Friday April 24, 2020
Health & Wellness Newsletter
As we continue to navigate the effects of COVID-19 on all of our lives, Special Olympics Connecticut is offering athletes new ways to stay active, healthy and connected through virtual health and fitness opportunities. Find out more here .

SOCTFit5 Facebook Group Recap
We are closing in on Week 4 of our SOCT Fit 5 Facebook Group 8-week Challenge ! Check out all of the great resources that were shared this week with the group below.
Movement Monday
Get moving with these Fit 5 Level 4 Exercises!

Repeat this video three times a day, after each meal, to reach your Fit 5 goal of 30-minutes of physical activity each day!

Take-a-Walk Tuesday
SOCT Health Leader, Angie sent us out on an obstacle course! She encourages you to try three of your favorite exercises while you are out on your walk! Angie chose:
  1. Squat to a bench
  2. Side shuffle hop down her driveway
  3. Walking lunges along the sidewalk

WWE Workout Wednesday
This weeks training is focused on endurance! Endurance is the ability of your body to keep moving for long periods of time. It can help you run farther distances without stopping and practice longer with fewer breaks.

30-Minute Thursday
We are switching things up this week with a 30-Minute Yoga session with Sarah!
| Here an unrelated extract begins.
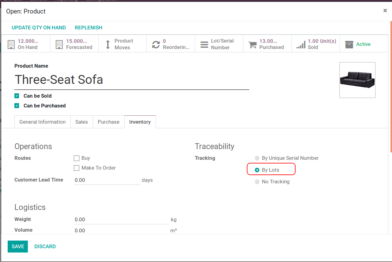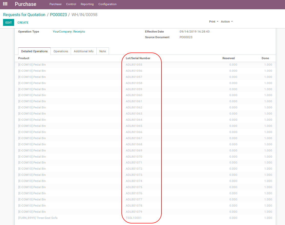 Incoming Shipment(Delivery Order) with serial number and lot in above image.

Yoga is a wonderful workout that can help improve flexibility, muscle strength, and energy.

Fit Foods Friday
We are thankful for our friends at the University of Saint Joseph (USJ) department of Nutrition for leading our
Fit Foods Fridays!

This week, USJ shared information about healthy breakfast options for a great way to start your day!

Strong Minds Saturday
Coach Gino Caro from  Fast Lane Speed Training  is back with a message of motivation!

Coach Gino talks about the importance of staying consistent with your at-home workouts. Visualize yourself winning the Gold at your next competition from all of your hard work!

Health Tip of the Week
Keeping your immune system working at its best is important right now. Check out this list of foods you can add to your diet to help boost your immune system!

Foods that contain Beta-carotene, vitamin C, vitamin E, Vitamin D , and Zinc can all naturally boost your immune system! There are many fruits and vegetables that contain these vitamins and minerals.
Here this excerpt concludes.